[Stored records]
---------------
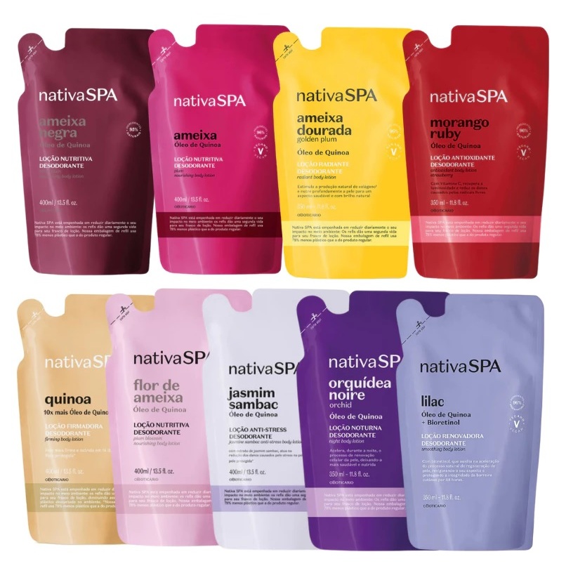 Refil Hidratante Nativa SPA Ameixa, Ameixa Negra, Ameixa Dourada, Lilac 400ml
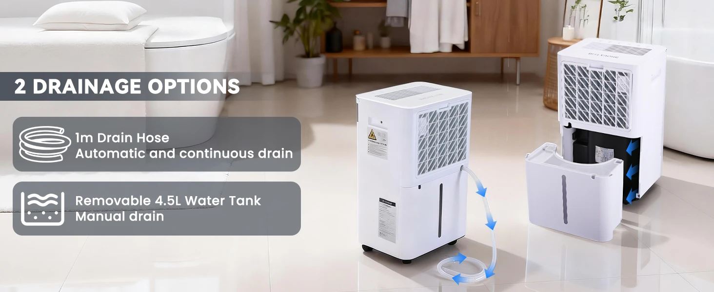 A 4.5 literes tartály azért lényeges, mert a párátlanítók használata akkor válik idegesítővé, ha túl gyakran kell üríteni. Nyilván ez mindig attól függ, mennyire nedves a lakás, hányan vagytok otthon, mennyit főztök, teregettek-e bent, de egy ekkora tartály már nem az a kategória, amit napi többször kell nézegetni.
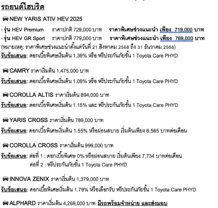 • บริษัท โตโยต้า มอเตอร์ ประเทศไทย จำกัด เข้าร่วมแสดงรถยนต์ในงาน BIG MOTOR SALE 2025 วันที่ 22-31 สิงหาคม 2568 ไบเทค บางนา
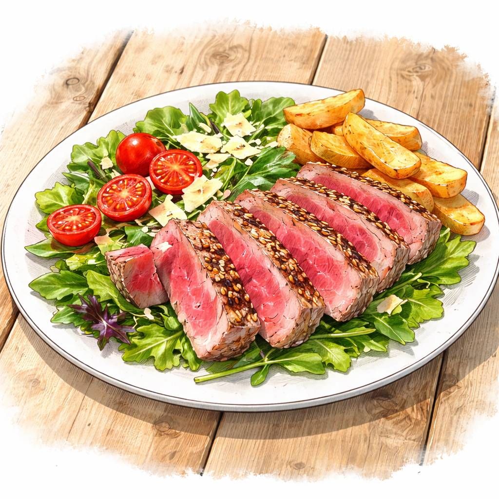 Tagliata di Tonno, Insalatina Misticanza,Grana,Pomodorini,Patatine.
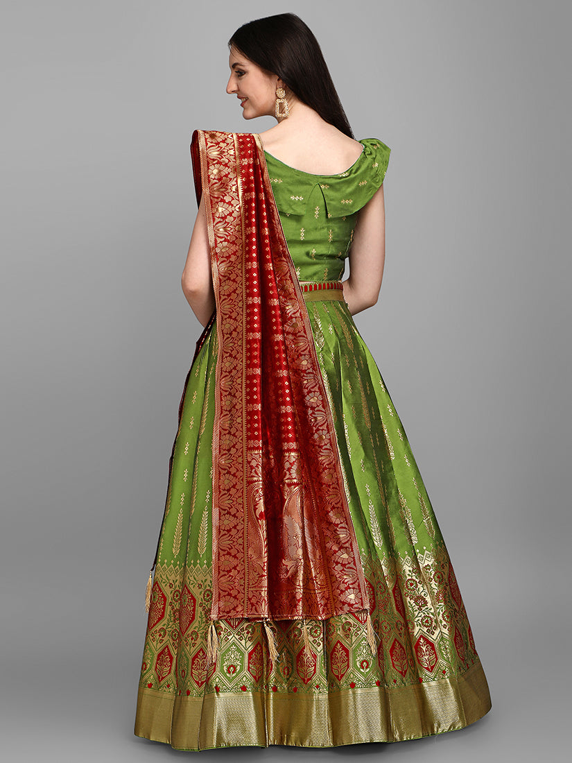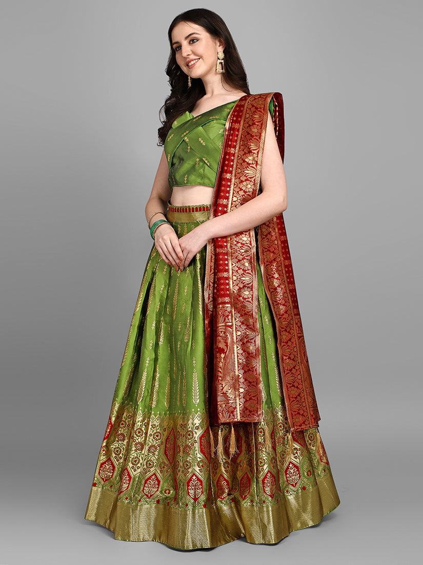 Be an angel and create and establish a smashing impression on for every person by carrying this Green Colour Jacquard trendy lehenga choli. The ethnic Woven work at the clothing adds a sign of attractiveness statement with your look. Comes with matching choli and red banarasi dupatta. The stitched lehenga Free Size and unstitched choli bust size can be customized from 34 to 42 inches.
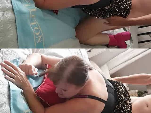 enculée en body résille sur le canapé
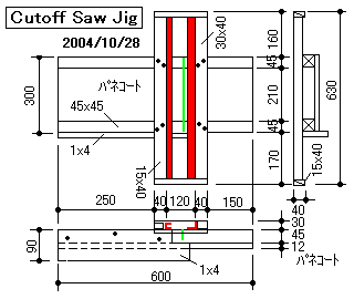 ※ 相欠き等の溝とホゾ切り用に小型の冶具を製作しました。
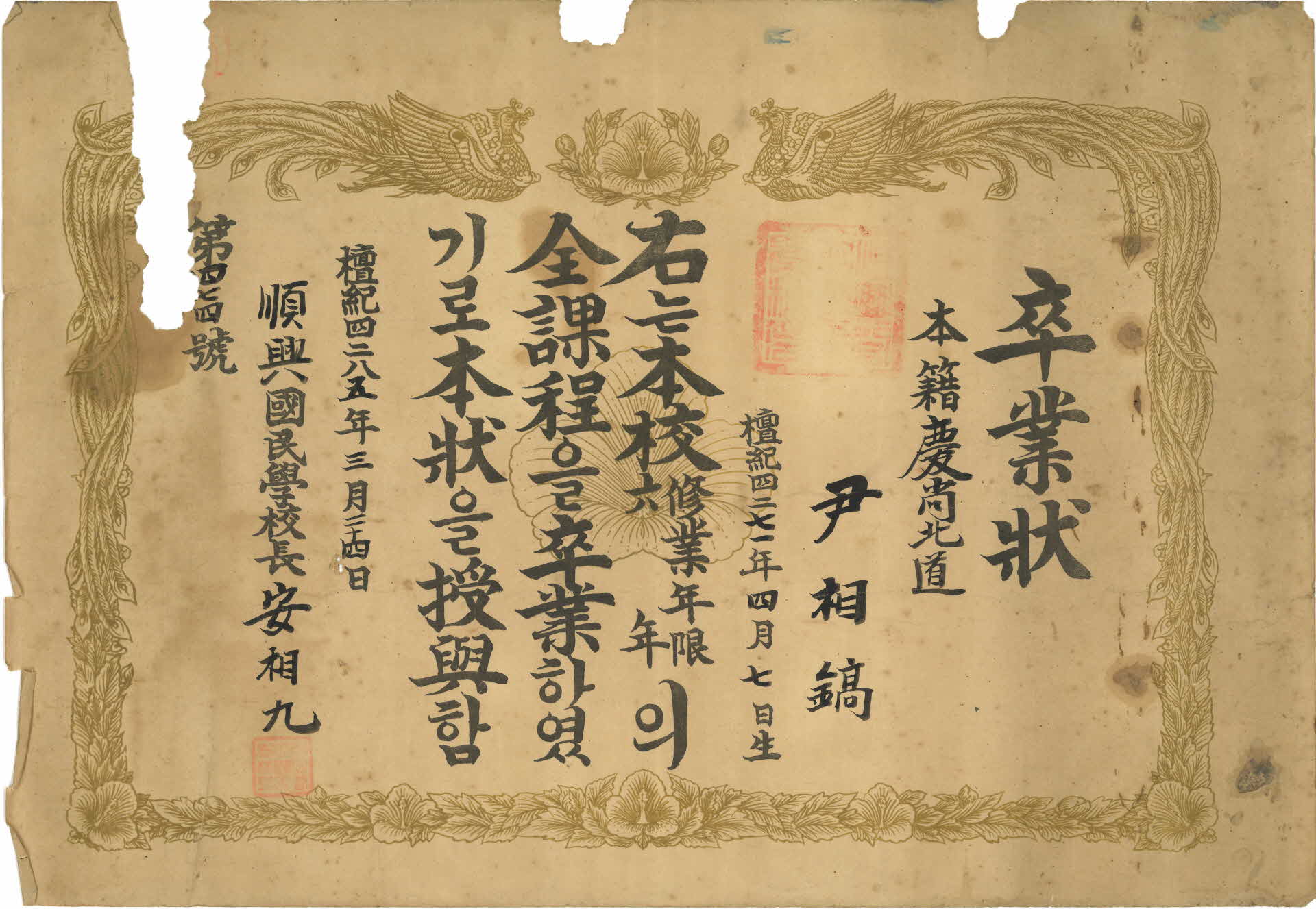 이 졸업장(卒業狀)은 증서 번호 제474호로 1952년 3월 24일 순흥국민학교장(順興國民學校長) 안상구(安相九)가 졸업생인 윤상호(尹相鎬) 학생에게 발급한 것이다. 수업연한(修業年限)은 6년이고, 졸업장에는 본적과 생년월일이 기록되어 있다.
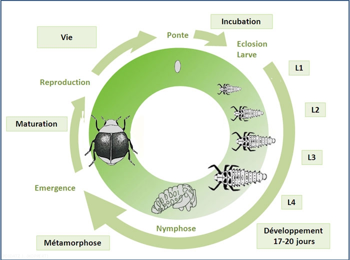 Ci-dessus le cycle de développement de Stethorus punctillum.
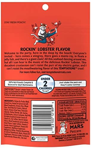 Cats can’t resist the delectable taste of TEMPTATIONS, so give your cat these purrfect TEMPTATIONS Classic Cat Treats… they’ll come running the moment you open the tub. Each of these low calorie lobster flavor cat snacks has less than 2 calories and provides an irresistible combination of both crunchy and soft textures. These healthy cat treats also come in a cat-proof, stay-fresh pouch, so your feline friend can enjoy their favorite snack when you open it, but never when they shouldn’t! These TEMPTATIONS Classic Cat Treats are a perfect addition to your cat’s normal feeding routine: Use them as a treat, a meal, or a cat food topper. They also are the perfect size treats for cat toys… try mixing up playtime by placing a few inside a treat dispensing toy and watch your cat chase and swat away. * Based on 2020 Nielsen sales data
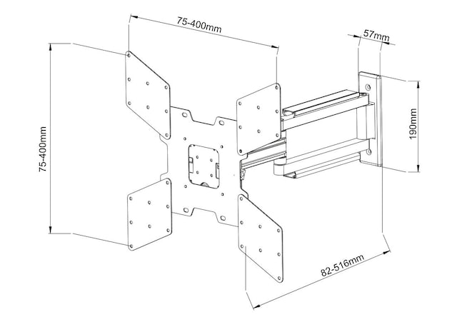 Den flexibla armen gör det möjligt att placera TV:n 8,2 cm från väggen och den kan dras ut till 51,6 cm. Detta gör TV:n mer flexibel i flera vinklar, vilket är perfekt om du har den i köket eller på en annan plats där du rör dig. Skärmfästet är utformat så att du kan luta din TV efter behov. Armen har en snygg design och levereras med kabelklämmor för att minimera kabeltrassel. Detta väggfäste gör att du kan montera skärmen i antingen liggande (horisontellt) eller stående (vertikalt) läge. Fästet levereras med extra förlängningsplattor för skärmar med VESA-fäste 400x400.
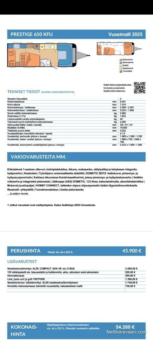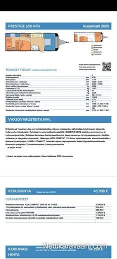 Nettikaravaani.com ei ota vastuuta myyjän antamien tietojen paikkansapitävyydestä. Ilmoitetuissa tiedoissa saattaa olla myös tahattomia puutteita tai virheitä. Tieto on siis sitova vasta kun myyjä on sen pyynnöstäsi vahvistanut.
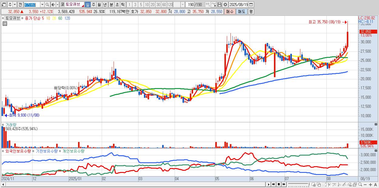 - 토모큐브 (33,550원 ▲ 14.51% , 시총: 4,447억, 거래량: 2,120,820, 거래대금:708억)
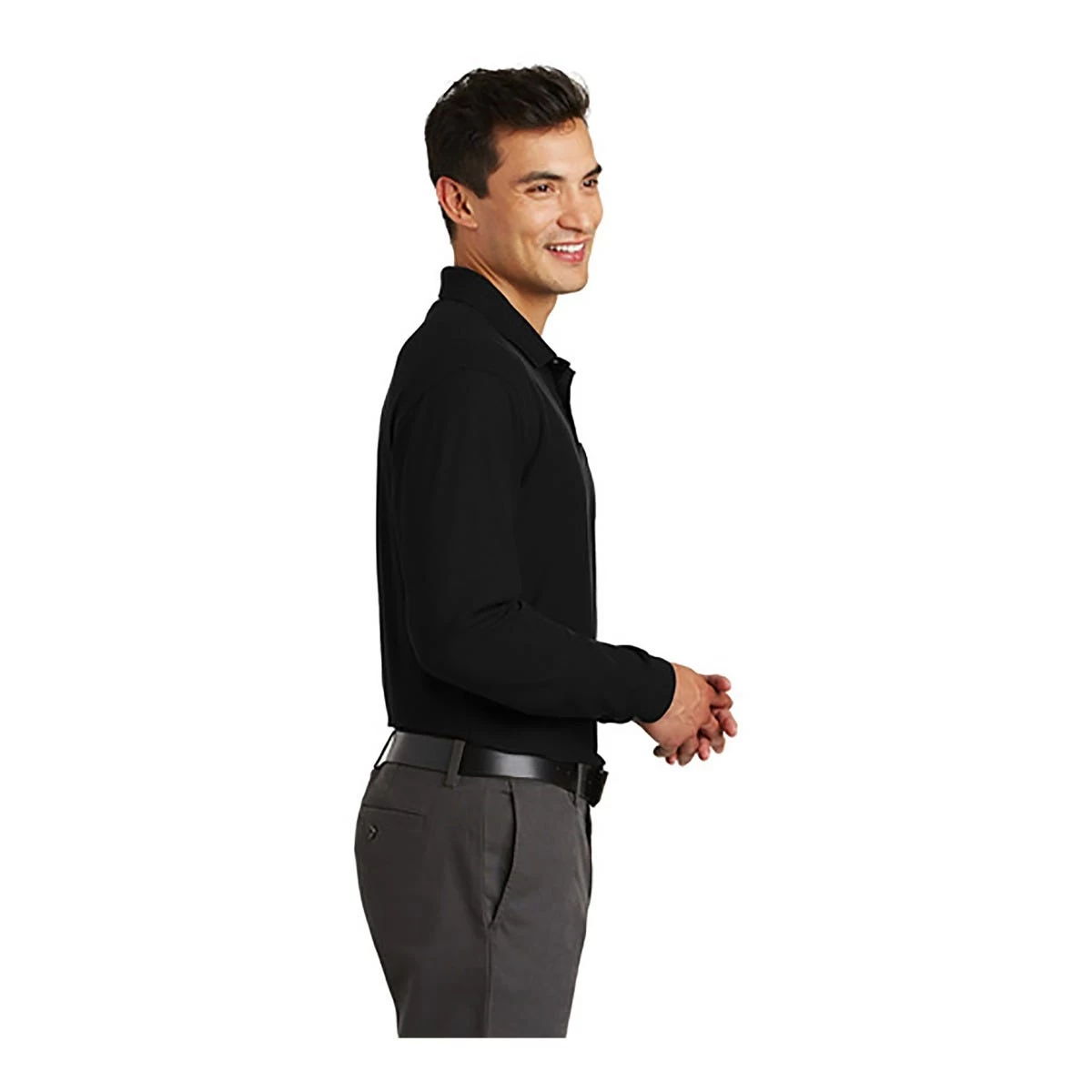 Port Authority Shirts: Men’s K500LSP BLK Black Silk Touch Long Sleeve Pocket Polo Shirt
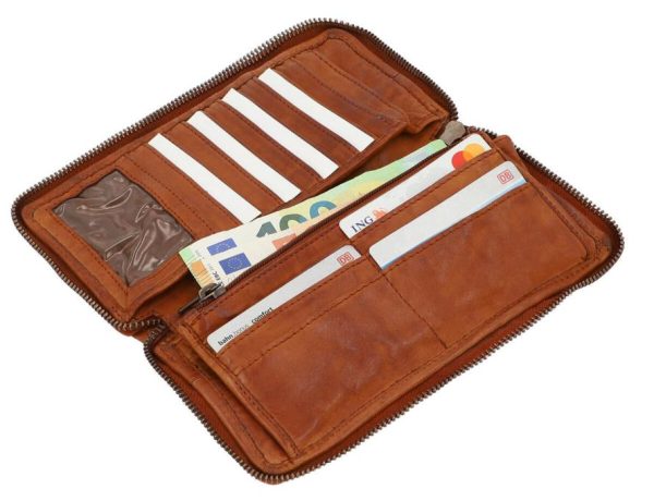 Gusti Leder Reeva Portemonnaie Damen - Echtes Rindsleder, Braun, Flechtmuster, Vintage-Design Menge
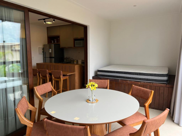 - It has 1 bedroom, living room with integrated kitchen, 1 bathroom, laundry area and balcony with jacuzzi
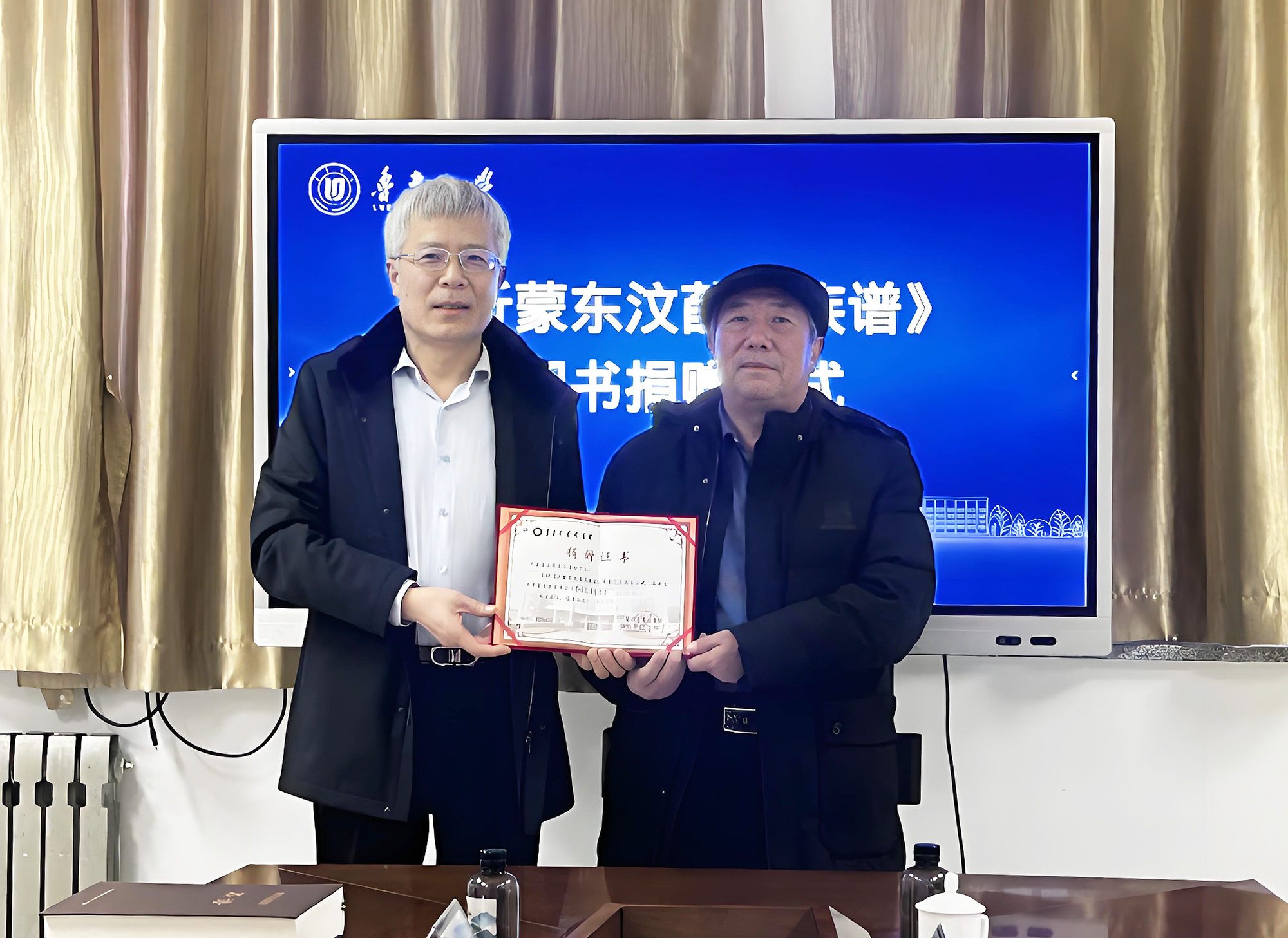 2026年1月6日,我校在图书馆举行《沂蒙东汶薛氏族谱》捐赠仪式。沂蒙东汶薛氏宗亲联谊会理事长薛尚基,我校党委书记王庆教授出席仪式并讲话。
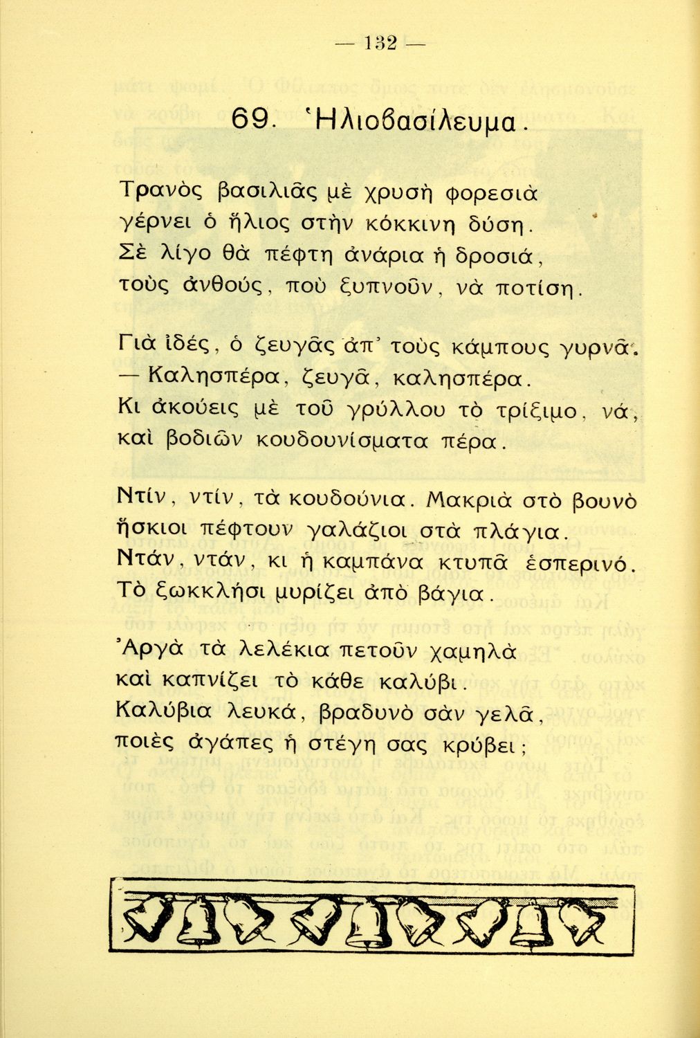 Αναγνωστικό Γ΄ Δημοτικού που περιλαμβάνει ποιήματα και πεζά εμπνευσμένα από την ελληνική φύση, τις ασχολίες των κατοίκων, την σύγχρονη ελληνική ιστορία, την ελληνική μυθολογία και τις θρησκευτικές γιορτές.
---------------
Problem requirements =
An exact copy of every entry, pictures left out, is what to write here.

Solution =
 Refil Hidratante Nativa SPA Ameixa, Ameixa Negra, Ameixa Dourada, Lilac 400ml
 A 4.5 literes tartály azért lényeges, mert a párátlanítók használata akkor válik idegesítővé, ha túl gyakran kell üríteni. Nyilván ez mindig attól függ, mennyire nedves a lakás, hányan vagytok otthon, mennyit főztök, teregettek-e bent, de egy ekkora tartály már nem az a kategória, amit napi többször kell nézegetni.
 • บริษัท โตโยต้า มอเตอร์ ประเทศไทย จำกัด เข้าร่วมแสดงรถยนต์ในงาน BIG MOTOR SALE 2025 วันที่ 22-31 สิงหาคม 2568 ไบเทค บางนา
 Tagliata di Tonno, Insalatina Misticanza,Grana,Pomodorini,Patatine.
 Be an angel and create and establish a smashing impression on for every person by carrying this Green Colour Jacquard trendy lehenga choli. The ethnic Woven work at the clothing adds a sign of attractiveness statement with your look. Comes with matching choli and red banarasi dupatta. The stitched lehenga Free Size and unstitched choli bust size can be customized from 34 to 42 inches.
 enculée en body résille sur le canapé
 ※ 相欠き等の溝とホゾ切り用に小型の冶具を製作しました。
 이 졸업장(卒業狀)은 증서 번호 제474호로 1952년 3월 24일 순흥국민학교장(順興國民學校長) 안상구(安相九)가 졸업생인 윤상호(尹相鎬) 학생에게 발급한 것이다. 수업연한(修業年限)은 6년이고, 졸업장에는 본적과 생년월일이 기록되어 있다.
 Ci-dessus le cycle de développement de Stethorus punctillum.
 Cats can’t resist the delectable taste of TEMPTATIONS, so give your cat these purrfect TEMPTATIONS Classic Cat Treats… they’ll come running the moment you open the tub. Each of these low calorie lobster flavor cat snacks has less than 2 calories and provides an irresistible combination of both crunchy and soft textures. These healthy cat treats also come in a cat-proof, stay-fresh pouch, so your feline friend can enjoy their favorite snack when you open it, but never when they shouldn’t! These TEMPTATIONS Classic Cat Treats are a perfect addition to your cat’s normal feeding routine: Use them as a treat, a meal, or a cat food topper. They also are the perfect size treats for cat toys… try mixing up playtime by placing a few inside a treat dispensing toy and watch your cat chase and swat away. * Based on 2020 Nielsen sales data
 Den flexibla armen gör det möjligt att placera TV:n 8,2 cm från väggen och den kan dras ut till 51,6 cm. Detta gör TV:n mer flexibel i flera vinklar, vilket är perfekt om du har den i köket eller på en annan plats där du rör dig. Skärmfästet är utformat så att du kan luta din TV efter behov. Armen har en snygg design och levereras med kabelklämmor för att minimera kabeltrassel. Detta väggfäste gör att du kan montera skärmen i antingen liggande (horisontellt) eller stående (vertikalt) läge. Fästet levereras med extra förlängningsplattor för skärmar med VESA-fäste 400x400.
 Nettikaravaani.com ei ota vastuuta myyjän antamien tietojen paikkansapitävyydestä. Ilmoitetuissa tiedoissa saattaa olla myös tahattomia puutteita tai virheitä. Tieto on siis sitova vasta kun myyjä on sen pyynnöstäsi vahvistanut.
 - 토모큐브 (33,550원 ▲ 14.51% , 시총: 4,447억, 거래량: 2,120,820, 거래대금:708억)
 Port Authority Shirts: Men’s K500LSP BLK Black Silk Touch Long Sleeve Pocket Polo Shirt
 Gusti Leder Reeva Portemonnaie Damen - Echtes Rindsleder, Braun, Flechtmuster, Vintage-Design Menge
 - It has 1 bedroom, living room with integrated kitchen, 1 bathroom, laundry area and balcony with jacuzzi
 2026年1月6日,我校在图书馆举行《沂蒙东汶薛氏族谱》捐赠仪式。沂蒙东汶薛氏宗亲联谊会理事长薛尚基,我校党委书记王庆教授出席仪式并讲话。
 Αναγνωστικό Γ΄ Δημοτικού που περιλαμβάνει ποιήματα και πεζά εμπνευσμένα από την ελληνική φύση, τις ασχολίες των κατοίκων, την σύγχρονη ελληνική ιστορία, την ελληνική μυθολογία και τις θρησκευτικές γιορτές.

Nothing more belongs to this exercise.